▸ Task to carry out
Copy the material below verbatim from the line with "澳元/美元 当日内 : 看涨,当 0.6598 为支撑位。" to the line with "Brown Blended Kameez", both lines included, omitting pictures and every line outside that range.

▸ Information shown

=== Section Start ===

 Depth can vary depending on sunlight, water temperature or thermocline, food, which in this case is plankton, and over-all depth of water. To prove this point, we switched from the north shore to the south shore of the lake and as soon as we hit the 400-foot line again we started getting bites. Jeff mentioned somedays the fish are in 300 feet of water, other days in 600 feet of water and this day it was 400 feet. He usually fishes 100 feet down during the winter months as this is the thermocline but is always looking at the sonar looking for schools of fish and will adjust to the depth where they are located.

=== Section End ===
=== Section Start ===

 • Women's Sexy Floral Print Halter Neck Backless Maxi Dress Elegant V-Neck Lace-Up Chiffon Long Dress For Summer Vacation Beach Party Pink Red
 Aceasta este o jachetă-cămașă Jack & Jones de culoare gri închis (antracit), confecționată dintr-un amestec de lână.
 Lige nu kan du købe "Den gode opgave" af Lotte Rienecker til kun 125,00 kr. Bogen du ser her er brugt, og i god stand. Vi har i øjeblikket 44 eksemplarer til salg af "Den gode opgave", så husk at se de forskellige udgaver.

=== Section End ===
=== Section Start ===

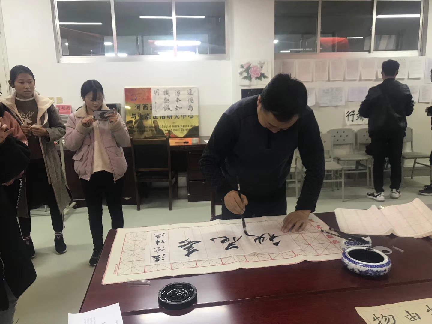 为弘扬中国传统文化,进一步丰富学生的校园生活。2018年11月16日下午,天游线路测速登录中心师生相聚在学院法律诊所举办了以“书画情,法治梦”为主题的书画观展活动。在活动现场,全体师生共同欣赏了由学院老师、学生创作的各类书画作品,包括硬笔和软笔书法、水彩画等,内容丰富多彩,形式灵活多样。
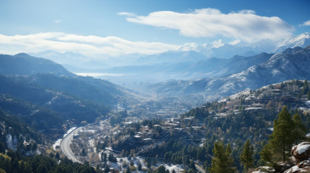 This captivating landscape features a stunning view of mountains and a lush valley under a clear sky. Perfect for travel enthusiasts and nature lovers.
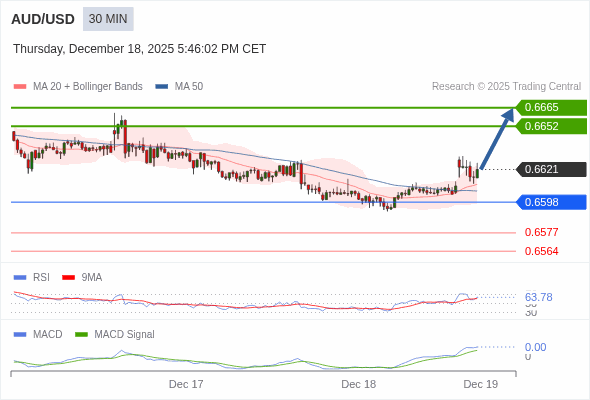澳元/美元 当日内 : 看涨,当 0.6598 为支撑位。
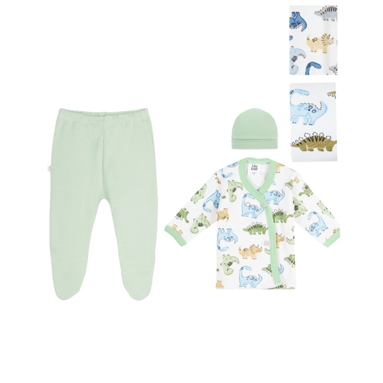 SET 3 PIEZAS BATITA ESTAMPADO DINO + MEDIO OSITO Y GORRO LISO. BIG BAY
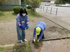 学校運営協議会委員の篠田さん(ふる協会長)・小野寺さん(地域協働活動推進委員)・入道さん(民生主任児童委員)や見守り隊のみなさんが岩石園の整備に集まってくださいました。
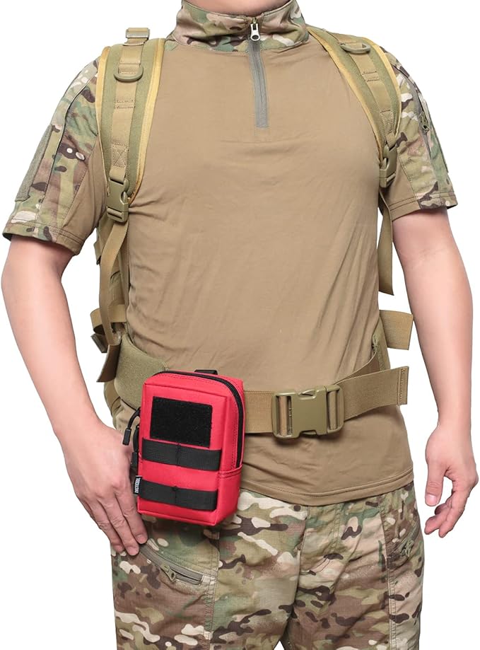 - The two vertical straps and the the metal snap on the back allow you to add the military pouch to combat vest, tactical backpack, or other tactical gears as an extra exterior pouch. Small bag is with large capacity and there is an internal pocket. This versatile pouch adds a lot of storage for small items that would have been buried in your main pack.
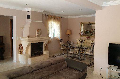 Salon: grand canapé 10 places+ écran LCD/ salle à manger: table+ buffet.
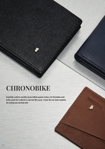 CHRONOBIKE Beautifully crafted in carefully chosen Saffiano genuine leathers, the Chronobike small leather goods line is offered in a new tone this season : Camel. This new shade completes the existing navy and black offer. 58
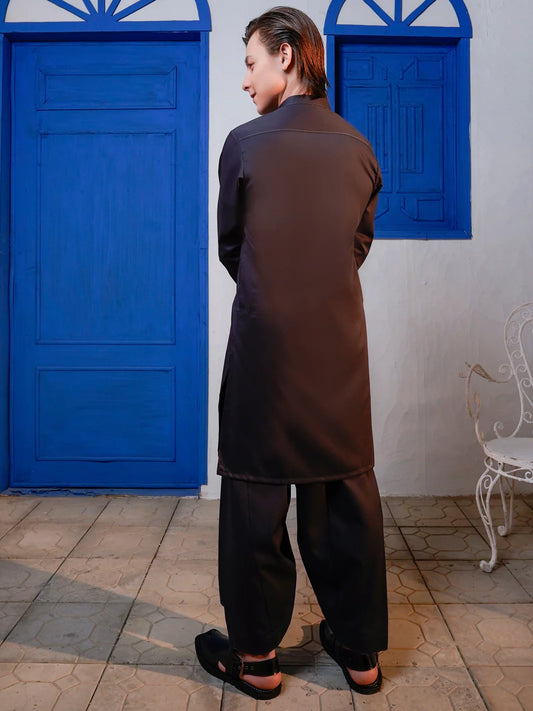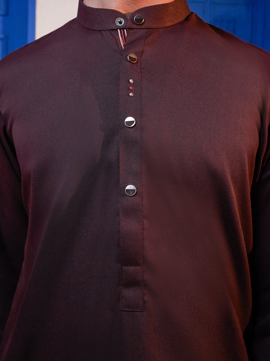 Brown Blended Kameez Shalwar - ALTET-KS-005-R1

=== Section End ===

▸ Your response
澳元/美元 当日内 : 看涨,当 0.6598 为支撑位。
 SET 3 PIEZAS BATITA ESTAMPADO DINO + MEDIO OSITO Y GORRO LISO. BIG BAY
 学校運営協議会委員の篠田さん(ふる協会長)・小野寺さん(地域協働活動推進委員)・入道さん(民生主任児童委員)や見守り隊のみなさんが岩石園の整備に集まってくださいました。
 - The two vertical straps and the the metal snap on the back allow you to add the military pouch to combat vest, tactical backpack, or other tactical gears as an extra exterior pouch. Small bag is with large capacity and there is an internal pocket. This versatile pouch adds a lot of storage for small items that would have been buried in your main pack.
 Salon: grand canapé 10 places+ écran LCD/ salle à manger: table+ buffet.
 CHRONOBIKE Beautifully crafted in carefully chosen Saffiano genuine leathers, the Chronobike small leather goods line is offered in a new tone this season : Camel. This new shade completes the existing navy and black offer. 58
 Brown Blended Kameez Shalwar - ALTET-KS-005-R1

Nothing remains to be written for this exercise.